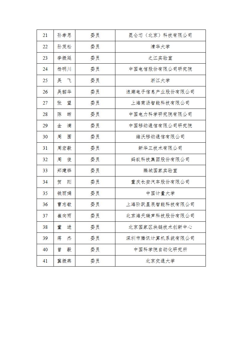 第一届工业和信息化部人工智能标准化技术委员会由41名委员组成,秘书处由中国信息通信研究院承担。
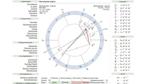 Друзья, для начала понимания того, как планеты влияют на вашу жизнь, вам нужно построить свою натальную карту. Но для этого необязательно обращаться к профессиональному астрологу, а тем более делать это на старте, когда вы новичок и находитель на начальном уровне познания астрологии. Я дам вам подробный алгоритм, как это сделать самостоятельно. Вот как выглядит натальная карта, построенная в одном из популярных астрологических сервисов. Для начальной стадии погружения в астрологию и для самостоятельного изучения ее будет вполне достаточно...
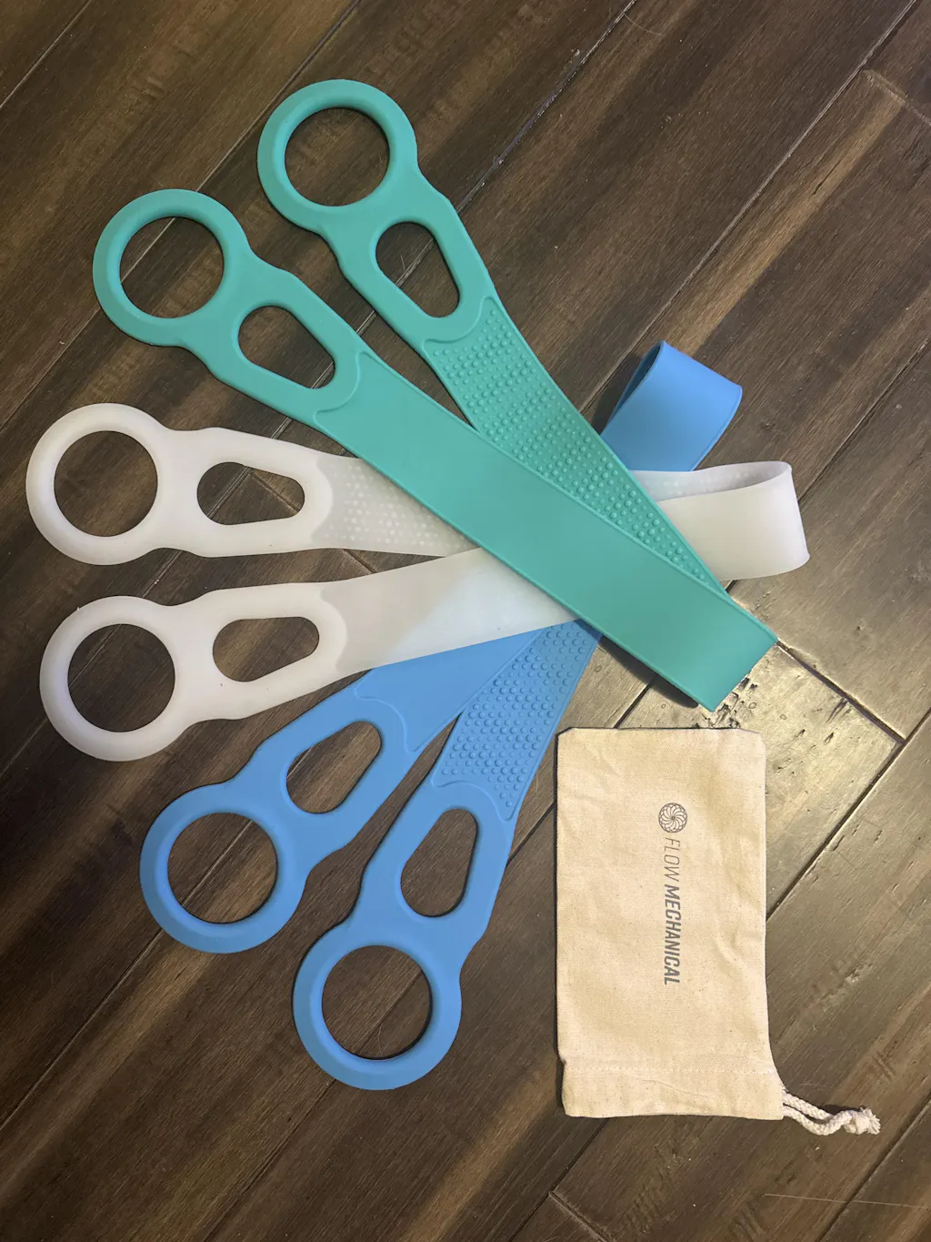 Flow Bands can be used for gentle self-massage, mobility, stretching, and variable resistance training. One tool adapts to warm-ups, recovery, or full movement sessions that test strength and expressive movement.
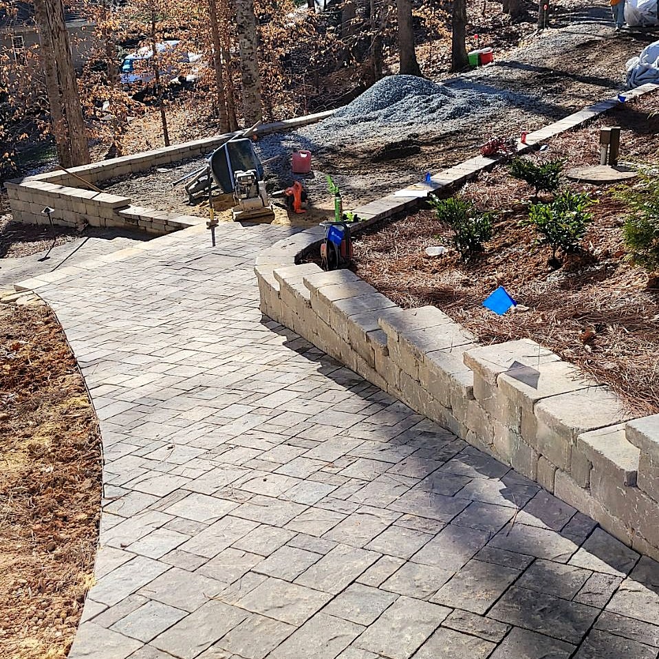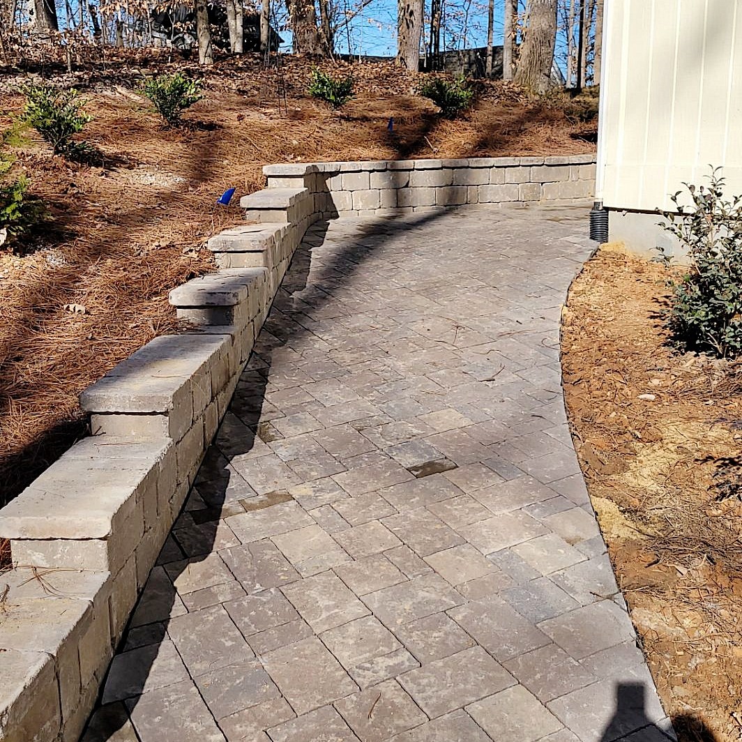 The walkway is River Street Lafitt paver stones, matching the original installation around the other side of the house.
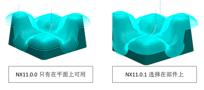 今天給大家介紹一個(gè)NX11.0.1版本中固定軸輪廓銑削模式下驅動(dòng)方法為區域銑削選擇陡峭非陡峭時(shí)的更新內容。
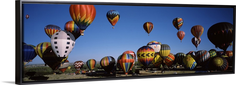 <p>Panoramic photo of dozens of colorful hot air balloons taking flight at the International Balloon Fiesta in Albuquerque, New Mexico.</p>
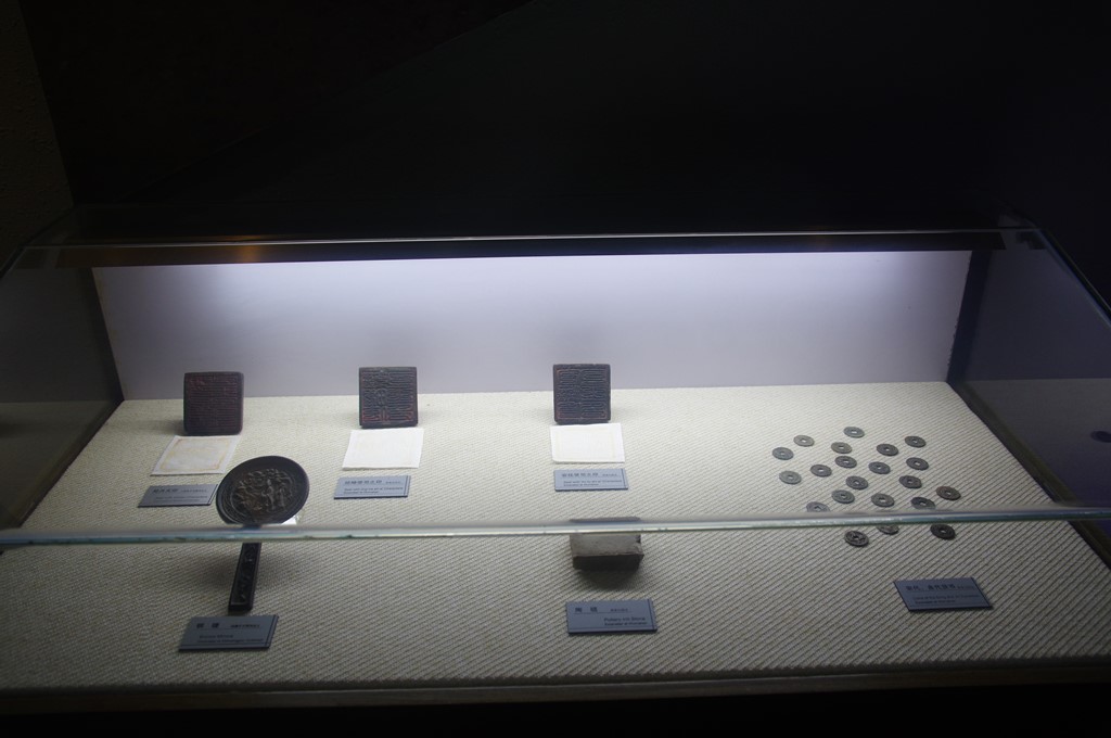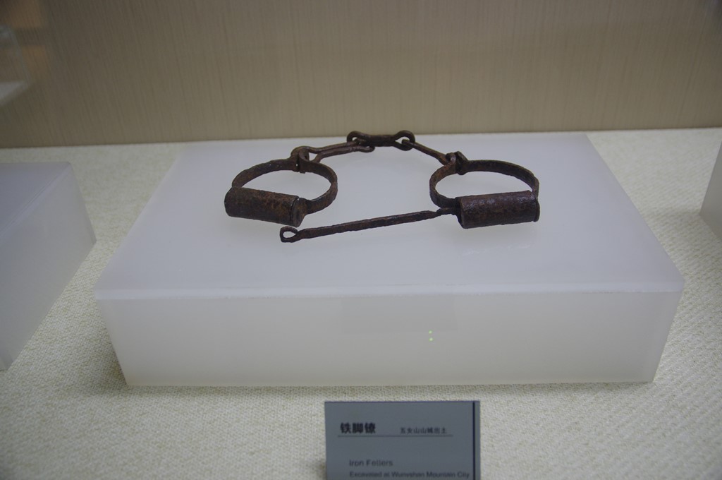 五女山景区游客中心には五女山博物館があり、五女山城遺址発掘遺物や周辺遺跡の発掘遺物が展示されています。その中から五女山城遺址発掘遺物を幾つかご覧に入れます。写真2は、鉄双孔斧等の鉄器類です。
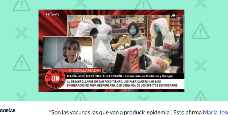 Las afirmaciones falsas o sin evidencias de este vídeo de María José Martínez Albarracín, del grupo negacionista ‘Médicos por la verdad España’, en el que dice que son las vacunas contra la COVID-19 las que “van a producir epidemia”
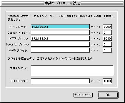 5.「FTP プロキシ」の項目に「192.168.0.1」を入力. 6.「ポート」の項目には「8080」を入力. 7.「HTTP プロキシ」の項目にも「192.168.0.1」を入力. 8.「ポート」の項目には「8080」を入力.
+ + + +
**TASK BRIEF:** The lines from the one containing "Las afirmaciones falsas" to the final line of the material, both ends included, should be retyped exactly and alone, with no pictures.

**EXERCISE OUTPUT:**
 Las afirmaciones falsas o sin evidencias de este vídeo de María José Martínez Albarracín, del grupo negacionista ‘Médicos por la verdad España’, en el que dice que son las vacunas contra la COVID-19 las que “van a producir epidemia”
 5.「FTP プロキシ」の項目に「192.168.0.1」を入力. 6.「ポート」の項目には「8080」を入力. 7.「HTTP プロキシ」の項目にも「192.168.0.1」を入力. 8.「ポート」の項目には「8080」を入力.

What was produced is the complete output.